Scope: R, tidyverse, ggplot

Learning Objectives
  • Use mutate, pivot, unite, filter, and arrange to wrangle data and solve data-driven problems.

  • Combine different data using joins (left_join, right_join, semi_join, anti_join), and bind_rows.

  • Group data and calculate aggregated statistics using group_by, mutate, summarize, and transform functions.

  • Demonstrate the ability to create basic graphs with default settings, in ggplot.

  • Demonstrate the ability to modify axes labels and titles.

The following questions will use the following dataset(s):

  • /depot/datamine/data/consumer_complaints/processed.csv


Question 1

Just like in Project 12, we will start by loading tidyverse package and reading (using the read_csv function) the processed data processed.csv into a tibble called dat. Make sure to also load the lubridate package.

In project 12, we stated that that we want to improve consumer satisfaction, and to achieve that we will provide them with data-driven tips and plots to make informed decisions.

We started by providing some information on wait time, timely_response, and it’s association with how the complaint was submitted (submitted_via).

Let’s continue our exploration of this dataset to provide valuable information to clients. Create a new column called day_sent_to_company that contais the day of the week the complaint was sent to the company (date_sent_to_company). To create the new data, use some of your code from project 12 that changes the format of date_sent_to_company to the correct format, pipes (%>%), and the appropriate function from lubridate.

Some students asked about whether or not you need to use the pipes (%>%). The answer is no! Of course, you are free to use them if you’d like. I think that with a little practice, it will become more natural. "Tidyverse code" tends too look a lot like:

dat %>%
    filter(...) %>%
    mutate(...) %>%
    summarize(...) %>%
    ggplot() +
    geom_point(...) +

Some people like it, some don’t. You can draw your own conclusions, but I’d give all common methods a shot to see what you prefer.

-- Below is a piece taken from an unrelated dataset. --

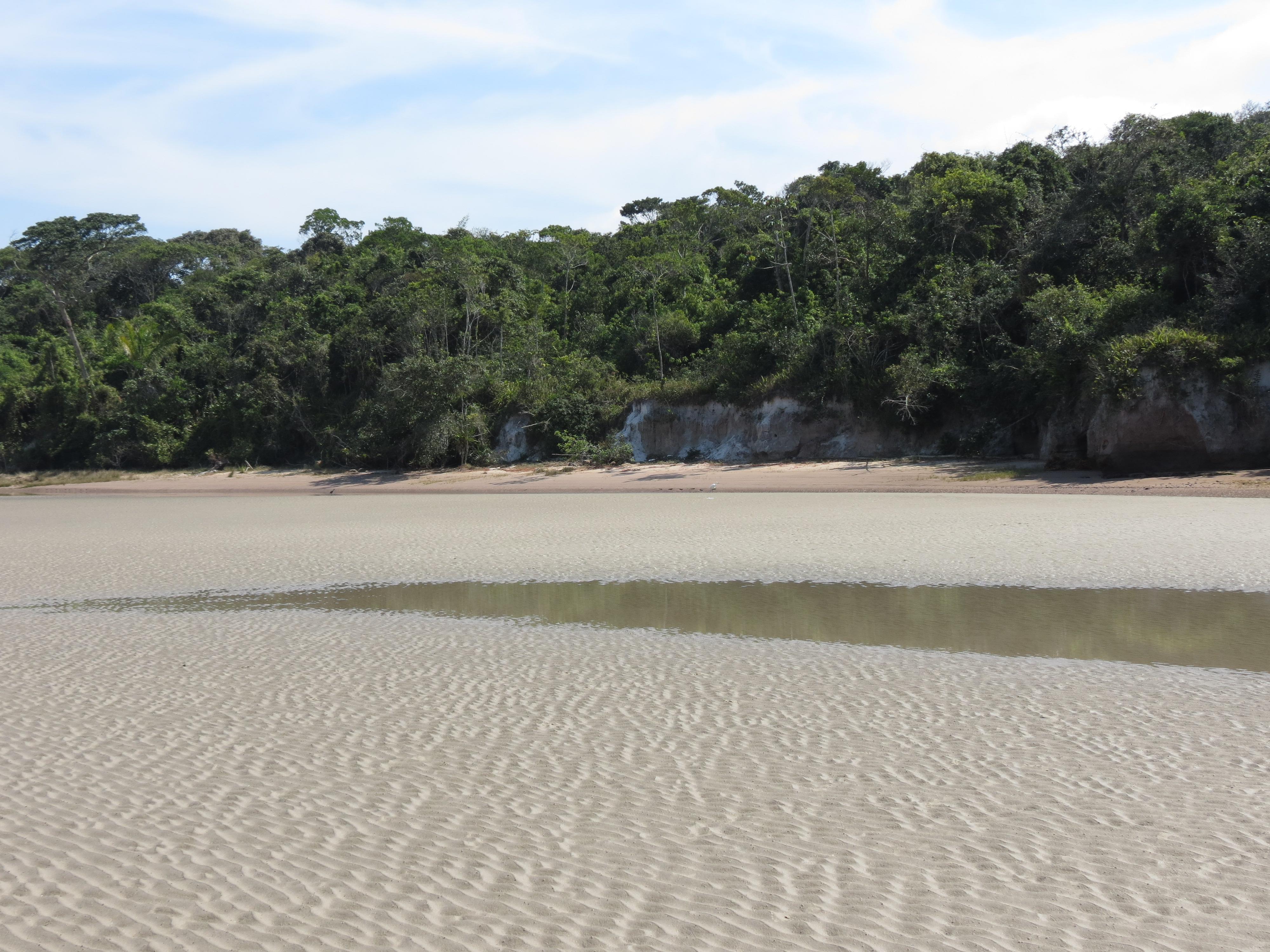 Restinga forest in Itaguaré beach, Brazil.

Also, try to keep using the pipes (%>%) for the entire project (again, you don’t need to, but we’d encourage you to try). Your code for question one should look something like this:

dat <- dat %>%

You may want to use the argument label form the wday function.

Items to submit
  • Code used to solve this problem.

  • Output from running the code.

Question 2

Before we continue with all of the fun, let’s do some sanity checks on the column we just created. Sanity checks are an important part any data science project, and should be performed regularly.

Use your critical thinking to perform at least two sanity checks on the new column day_sent_to_company. The idea is to take a quick look at the data from this column and check if it seems to make sense to us. Sometimes we know the exact values we should get and that helps be even more certain. Sometimes those sanity checks are not as foolproof, and are just ways to get a feel for the data and make sure nothing is looking weird right away.

Items to submit
  • Code used to solve this problem.

  • Output from running the code.

  • 1-2 sentences explaining what you used to perform sanity checks, and what are your results. Do you feel comfortable moving forward with this new column?

Question 3

Using your code from questions 1 and 2, create another new column called day_received that is the week day the complaint was received. Use sanity checks to double check that everything seems to be in order.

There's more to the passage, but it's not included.